3.1. Multimodalité et texte technique

Dans nos cultures contemporaines, les documents multimodaux sont devenus la norme.

La multimodalité se rapporte à l’utilisation conjointe de différentes modes sémiotiques dans une même interface (support papier, écran etc.). Un mode sémiotique est un type de ressource, c’est un moyen d’expression et de représentation visant à produire du sens. Le langage oral, la gestuelle, le texte ou la musique sont autant de modes sémiotiques vecteurs de communication53. Ces modes ne sont ni imperméables les uns aux autres, ni figés dans le temps : ils fluctuent au gré des processus sociaux. De même, ils ne sont pas non plus universels : ils sont toujours propres à une communauté, dont les membres ont la même compréhension de leurs caractéristiques sémiotiques54.

Toutefois, cette notion de mode sémiotique est sujette à débat chez les linguistes. Certains linguistes, comme Theo van Leeuwen,55 considèrent en effet que la mise en page, la police du texte et l’utilisation des couleurs sont déjà une forme de multimodalité. Nous avons choisi de ne pas traiter ces aspects dans ce chapitre, car ils relèvent selon nous du design et de l’utilisabilité des textes, mais ne sont pas des vecteurs d’information au sens strict.

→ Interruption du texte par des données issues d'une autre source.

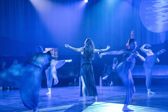 Their stellar singing is accompanied by live musicians Dave Eggar on cello and keyboard and Chuck Palmer on percussion and set to pre-recorded electronic synth soundtracks (produced by Fanai and Kinkel, with sound and mixing by Linds Cadwell) that contribute aurally to the preternatural tone. And the entire fully committed ensemble of Guides – Morgan Andrews, Alyssa Rose Bulin, Kenley Hardwick, Kaori Hiwasa, Jamal Shuriah, and Jordann Stoute – embraces the purpose and transcendent actions of the spiritual figures, in their stunning execution of choreography (by Natalie Lomonte) that combines modern dance, expressionist movement, and acrobatics, with solemn and joyful ritual.

Dans ce chapitre, nous abordons la multimodalité dans les documents techniques en nous penchant sur deux modes sémiotiques et leurs relations : le texte et les visuels.

Si la multimodalité est omniprésente de nos jours, Kress et Van Leeuwen avancent qu’il y a longtemps eu en Occident une préférence marquée pour la monomodalité. Selon eux, les genres textuels les plus valorisés (œuvres littéraires, travaux académiques, documents officiels etc.) étaient, et sont toujours en partie, absolument dénués d’illustrations et composés de pages de texte dense et uniforme. Aujourd’hui, les journaux, les sites officiels des gouvernements ou les brochures des universités intègrent tous des visuels, en plus d’une mise en page élaborée et soignée56. Même les œuvres littéraires peuvent inclure des

53 ADAMI, ELISABETTA (2017). Multimodality. In : GARCIA, Ofelia et al. The Oxford Handbook of Language and Society. Oxford : Oxford University Press, p. 451.

54 MAVERS, DIANE (2012) pour THE NATIONAL CENTRE FOR RESEARCH METHOD (NCRM). Mode. In : Glossary of multimodal terms.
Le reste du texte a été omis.